Bildiride, Artvin’in Borçka ile Hopa ilçeleri arasında, maden arama faaliyetlerine karşı yaşam nöbeti tutarken öldürülen Reşit Kibar’a da selam gönderildi. Cankurtaran’da, maden arama faaliyetlerinin zeminini hazırlamak için Mesire Alanı Projesi adı altında yapılan doğa katliamına karşı köylülerle birlikte yaşam nöbeti tutan Reşit Kibar, şirketlerin desteğiyle hareket eden bir çete tarafından hayatını kaybetti. Eylemciler, “Bir kez daha anısını önünde saygıyla eğiliyoruz” diyerek, onun adalet mücadelesini yaşatacaklarını belirtti.
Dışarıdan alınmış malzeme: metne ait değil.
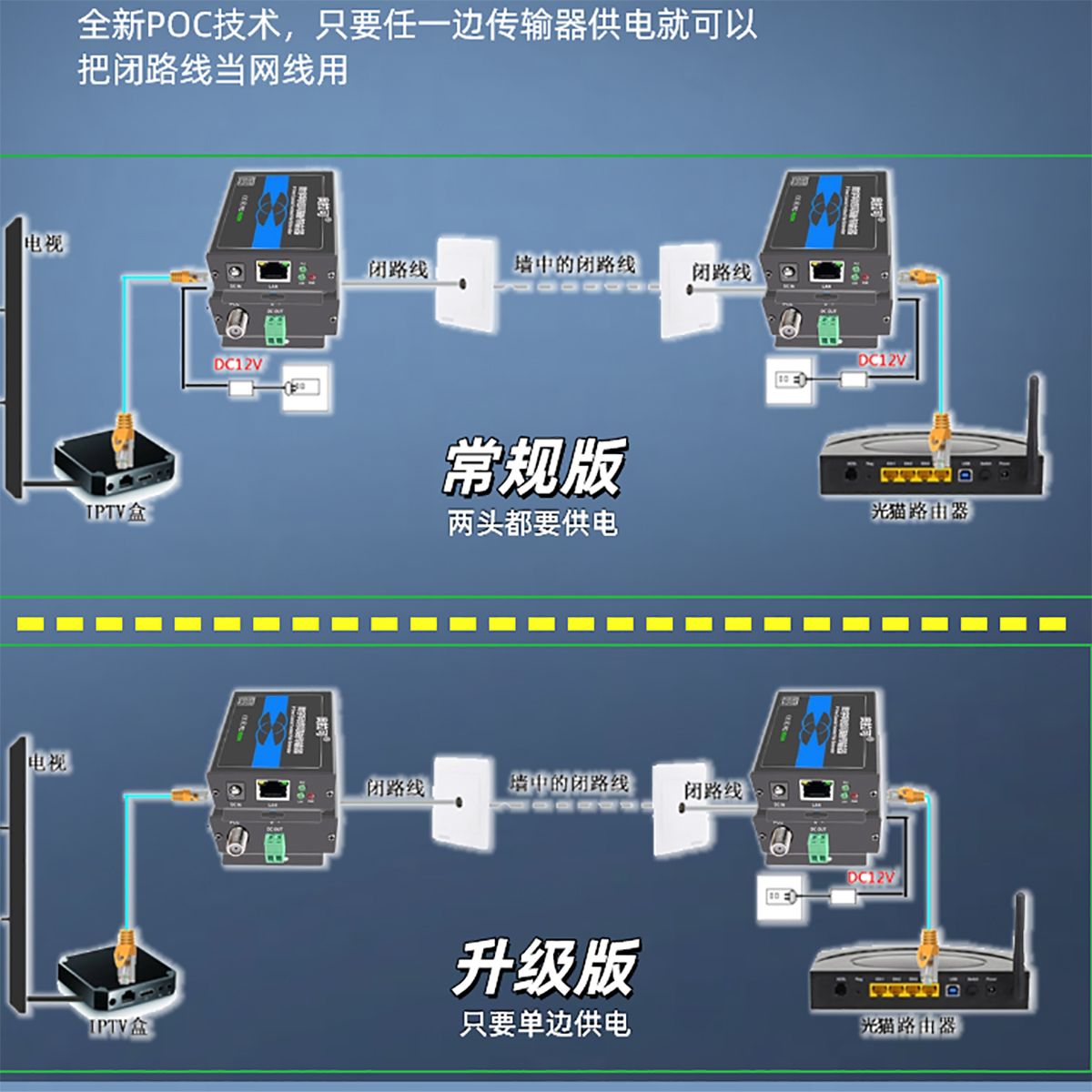 IP广播电视网络转同轴传输器通用同轴视频线转网线高清IPTV转网络
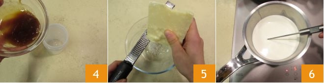 Luego déjala enfriar y transfiérela a un biberón de cocina 4. En este punto, prepara el caldo vegetal y, una vez colado, asegúrate de que al momento de cocinar el risotto esté en ebullición. Pasa a la crema de Grana Padano. Rállalo en el momento, utilizando un rallador para zeste 5, solo así obtendrás la consistencia final correcta de la crema. Vierte la nata en un cazo y caliéntala al fuego hasta alcanzar la temperatura de aproximadamente 70° 6.
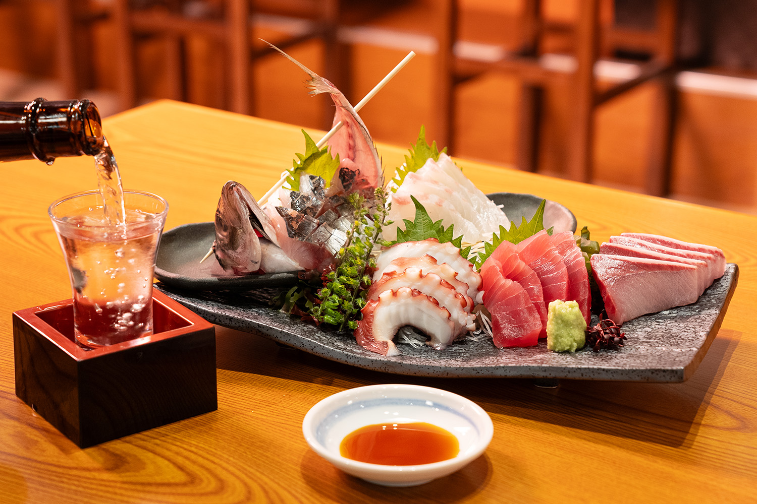 ・刺身盛り合わせ「大漁盛り〈八種〉」通常一人前1500円を半額の750円で提供

Hakkını talep edenlerin çağrısına, eğitim, sağlık, barınma ve ulaşım gibi temel hakların da dahil olduğu geniş bir mücadele alanı eklendi. Bildiride, eğitim ve sağlık gibi temel hizmetlerin paralı hale getirilmesine ve bu durumun daha fazla yoksullaşmaya neden olduğuna dikkat çekildi. “İnsanca yaşam, güvenli çalışma hakkımı ver!” denilerek, mücadelenin tüm topluma hitap eden yönleri vurgulandı.
Türkiye’nin dört bir yanındaki direnişlere destek vermek ve birlikte güçlü olmak için 15 Aralık’ta Ankara’da toplanma çağrısı yapanlar “Bu yüzden bütün itirazlarımızı, tepkimizi, taleplerimizi Ankara’ya taşımaya çağırıyoruz” denildi.
Ankara’da yapılacak eylem, Türkiye genelindeki tüm direnişlerin birleştiği, güçlü bir sesin çıktığı bir platform olmayı vaat ediyor. Eyleme, işçiler, çiftçiler, emekliler, öğretmenler ve halkın çeşitli kesimlerinden katılım bekleniyor.